= Beginning of Section =
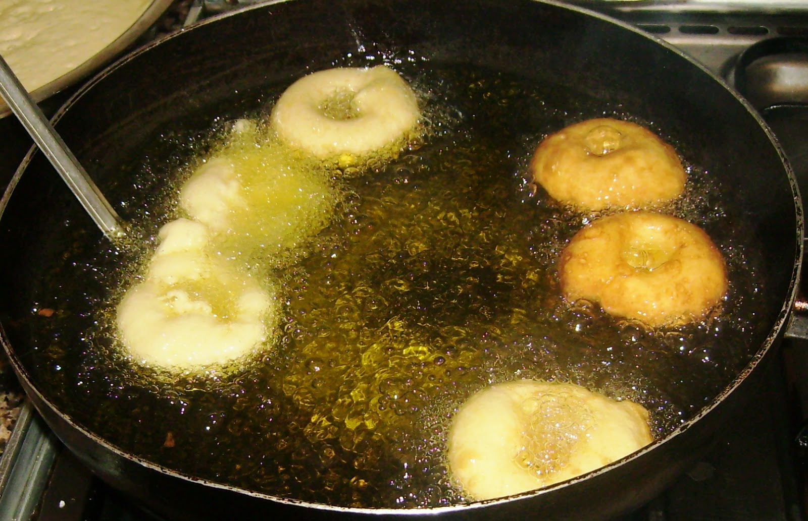 Cuando la masa ha crecido, ponemos una sartén con abundante aceite, cuando esté bien caliente freir las tortas con un molde especial o con una cuchara.
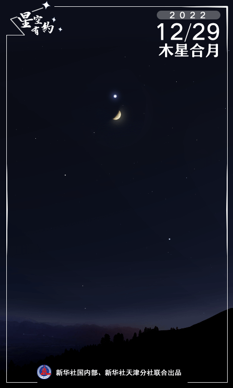 新華社天津12月27日電(記者周潤?。┨煳目破諏<医榻B,12月29日晚天宇將上演木星合月,這是2022年最后一場行星合月。屆時(shí)只要天氣晴好,我國公眾可在南方天空欣賞到明亮木星與一輪上弦月近距離競輝的唯美畫面。
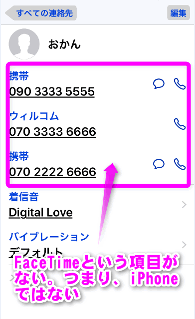 連絡先にこの「FaceTime」という項目がある場合、相手はiPhoneを使っています。
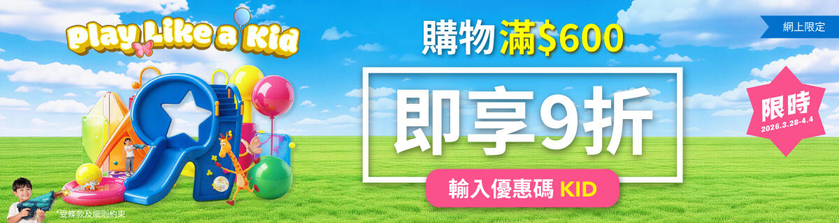 兒童節優惠 - 於付款前輸入優惠碼 “KID”,購物滿$600即享9折。
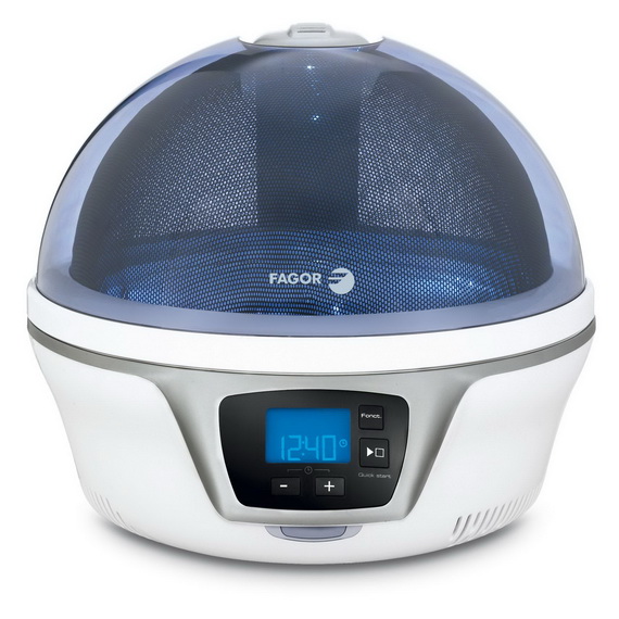 - Такой микроволновки вы еще не видели! Представьте себе – яркий цвет и какая-то космическая форма корпуса! Недаром коммерческое название модели Fagor SPOUT-28UV – «Спутник». У округлой формы есть и техническое преимущество: возможность полного обзора, на 360°. Еще эта печь Фагор снабжена удобной автоматической системой открытия крышки, которая даёт полный доступ к приготавливаемому блюду. Панель управления наклонена под углом 45°, что очень удобно.
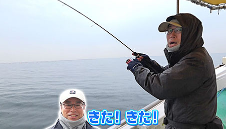 まずは伊丹がヒット!水面までは上がり、姿を見せたものの『痛恨のバラシ』。その後はアタリも無く時間だけが過ぎて行くが、予想通り午後4時にダブルヒット。果たして二人はサワラをゲット出来るのか!?
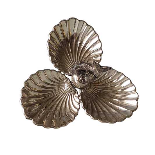Art deco clam shell and dolphin dish, french vintage silver plated clam bonbon dish
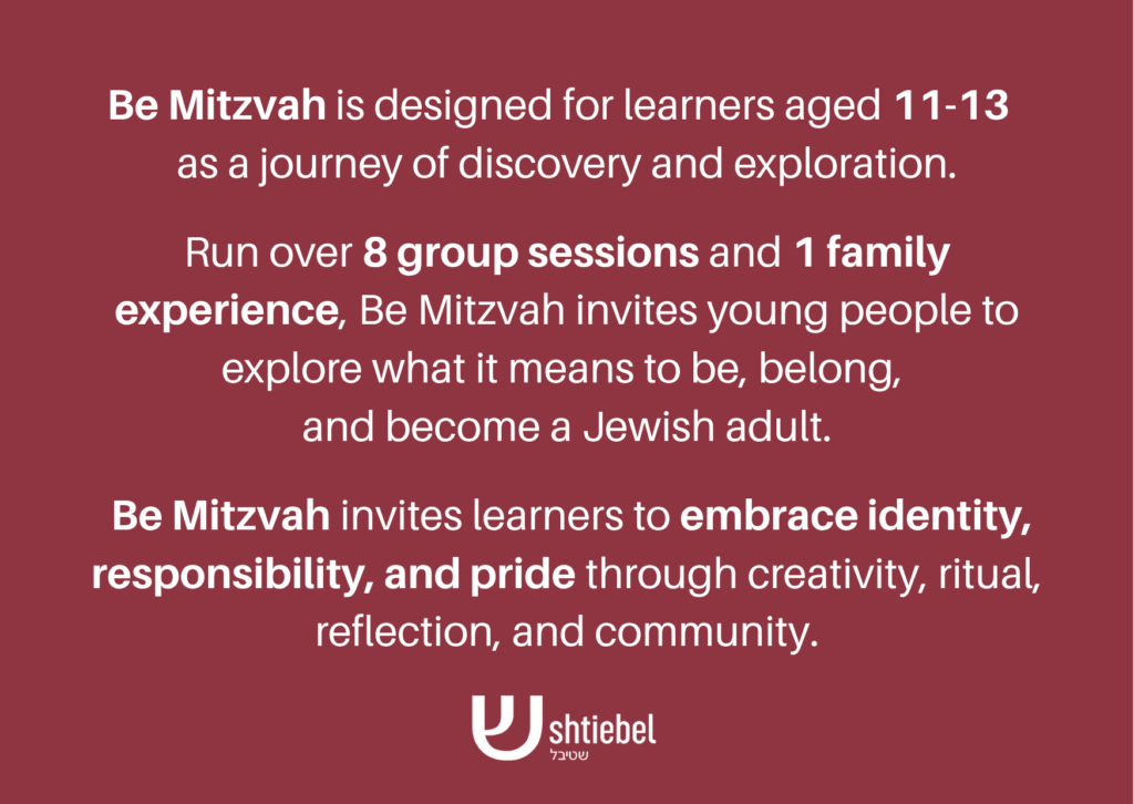 Be Mitzvah is designed for learners aged 11-13 as a journey of discovery and exploration. Run over 8 group sessions and 1 family experience, Be Mitzvah invites young people to explore what it means to be, belong, and become a Jewish adult. Be Mitzvah invites learners to embrace identity, responsibility, and pride through creativity, ritual, reflection, and community.
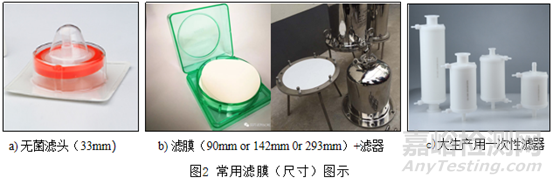 在使用過(guò)程中,濾膜過(guò)濾面積過(guò)大會(huì)導(dǎo)致產(chǎn)品損耗增大,收率降低,成本增加;過(guò)濾面積過(guò)小會(huì)使過(guò)濾速度減慢、過(guò)濾時(shí)間延長(zhǎng),藥液長(zhǎng)時(shí)間暴露容易增加微生物污染風(fēng)險(xiǎn),同時(shí)過(guò)程中有大量過(guò)濾物質(zhì)堆積使濾膜堵塞,甚至破損報(bào)廢等,使微生物污染風(fēng)險(xiǎn)進(jìn)一步加大。因此也需要根據(jù)過(guò)濾介質(zhì)體積進(jìn)行濾膜尺寸選擇。例如,過(guò)濾體積低于300ml,一般選擇直徑33mm的針式濾頭,其有效過(guò)濾面積約為4.5cm2,過(guò)濾300m可在l5min內(nèi)完成;若體積大于1L-5L建議使用142mm濾膜配合合適大小濾器,其有效過(guò)濾面積為126cm2,20min內(nèi)可完成5L藥液過(guò)濾。若是大生產(chǎn)體積較大,可根據(jù)批量選擇適當(dāng)尺寸濾芯。另外,實(shí)際應(yīng)用過(guò)程中也應(yīng)該注意過(guò)濾系統(tǒng)整體結(jié)構(gòu)的合理性,以防止存在衛(wèi)生死角等。除菌過(guò)濾常用濾膜(尺寸)見(jiàn)圖2。
= End of Section =
> _INSTRUCTIONS FOR THE TASK_: In the records above, everything from the line with "- Такой микроволновки" down to the line with "Be Mitzvah is" must be duplicated exactly, both lines kept. Leave no pictures in.

> _THE COMPLETED TASK_:
 - Такой микроволновки вы еще не видели! Представьте себе – яркий цвет и какая-то космическая форма корпуса! Недаром коммерческое название модели Fagor SPOUT-28UV – «Спутник». У округлой формы есть и техническое преимущество: возможность полного обзора, на 360°. Еще эта печь Фагор снабжена удобной автоматической системой открытия крышки, которая даёт полный доступ к приготавливаемому блюду. Панель управления наклонена под углом 45°, что очень удобно.
 まずは伊丹がヒット!水面までは上がり、姿を見せたものの『痛恨のバラシ』。その後はアタリも無く時間だけが過ぎて行くが、予想通り午後4時にダブルヒット。果たして二人はサワラをゲット出来るのか!?
Art deco clam shell and dolphin dish, french vintage silver plated clam bonbon dish
 Be Mitzvah is designed for learners aged 11-13 as a journey of discovery and exploration. Run over 8 group sessions and 1 family experience, Be Mitzvah invites young people to explore what it means to be, belong, and become a Jewish adult. Be Mitzvah invites learners to embrace identity, responsibility, and pride through creativity, ritual, reflection, and community.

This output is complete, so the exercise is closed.